The Kettle Valley Railway, part of the CPR system through southern BC, had an extensive system of rail ferries running IIRC on the Arrow Lakes, Kootenay Lake and Okanagan Lake from about 1910 through about 1965 or so. It ran with a series of tugs, riverboats and barges, most of which are gone as are the docking facilities. As water levels fluctuated on the lakes they had a series of ramps at Penticton and elsewhere, not unlike the carferry loading ramps common today.

Most of the KVR is gone now. I recall the track being pulled at Midway, BC in the mid 1970’s IIRC and orderly stacks of rails awaiting removal. The Midway depot remains as a museum.

The only remaining piece of equipment of which I am aware is the SS Moyie, a riverboat that KVR sailed on Kootenay Lake. It is beached at Kaslo, BC and has been restored by the Kaslo Historical Society. I went through it about 10 years ago and they had done a fine job of it. There are a lot of archived photos of the KVR rail ferry operation throughout the Southern Interior and a number of booklets published with photos and informative text. I’ll try and find these in the next week or so and post relevant bibliography.

Hope this helps

Charlie

Chilliwack BC

P.S.

Make that 1935. The Huey P. Long Bridge’s official opening ceremony was on Monday, December 16, 1935, and it seems probable that some trains crossed somewhat before then.

How do the powers that be do that?

Controlling how much water is allowed to flow (‘dumped’ to those of us north of the border) down the Chicago Sanitary and Ship (mind how you spell that) Canal to the Illinois River and thence to the Mississippi.
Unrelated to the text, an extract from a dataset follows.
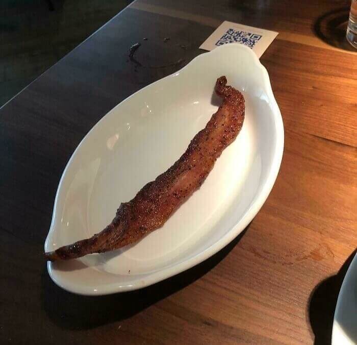 At restaurants, it is quite common for individuals to request an additional item to their order. In the case of the individual in the photograph, they specifically ordered bacon that was priced at $6, leading them to anticipate a greater amount of this particular dish. Regrettably, their expectations were let down as they were only presented with a petite portion of bacon, leaving them feeling immensely disappointed.
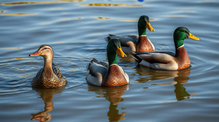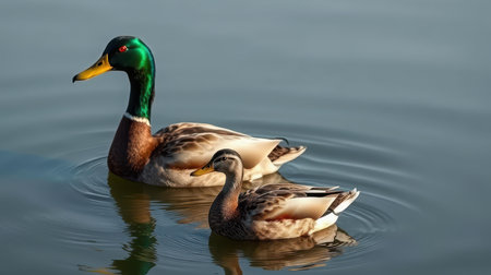 Mallard ducks swimming in a serene lake during early morning light

Also there is some control possible at the Welland Canal between Lakes Erie and Ontario, but not much.

I’m afraid that the “powers that be” cannot control the levels of the Great Lakes. Any attempt to do so with the Ship and Sanitary Canal would result in severe flooding of the Illinois River and would most likely have very little effect on the level. Just think about Niagara Falls a moment and picture how much water flows over the falls. That is a wide open flow to the St. Lawrence River (ultimately) from the Great Lakes. Mother nature controls the levels of the lakes, not man.

The SS Badger sails between Ludington, MI and Manitowoc, WI during it’s operating season. It has the ramps similar to those shown in the pictures, only shorter. Badger was originally a rail car ferry, going into service for the Pere Marquette Railroad in 1953 and still is a coal fired, steam powered vessel. The rails have been paved over and she is now used as an automobile and passenger ferry. She can handle very heavy trucks which most modern ferries like the Lake Express out of Muskegon,MI cannot.

As I said, Mother Nature has a tendency to confound efforts to control lake levels, but there is an international body (the International Joint Commission) specifically charged with coordinating exactly that. There is quite the controversy ongoing right now about how to best do it. As GT suggests, there is a lot of interaction involved - if Lake Superior is too high, you can’t just dump water into Lakes Michigan and Huron - you have to consider how fast they can get rid of it, too.

Lake Superior can be controlled to a degree by the dams at Sault Ste. Marie. The Chicago canal has already been mentioned. The Welland Canal offers some control, and the dams at the St Lawrence Power Project in and around Massena, NY, offer control of Lake Ontario and the St Lawrence River.

That said, low water levels in Lake Superior over the past few years have resulted in lower water levels in the rest of the lakes. You can’t fill up a bucket unless the tap is running.

The IJC’s challenge is to maintain suitable water levels for shipping and recreation all along the system, while at the same time ensuring sufficient water to generate power at the power dams.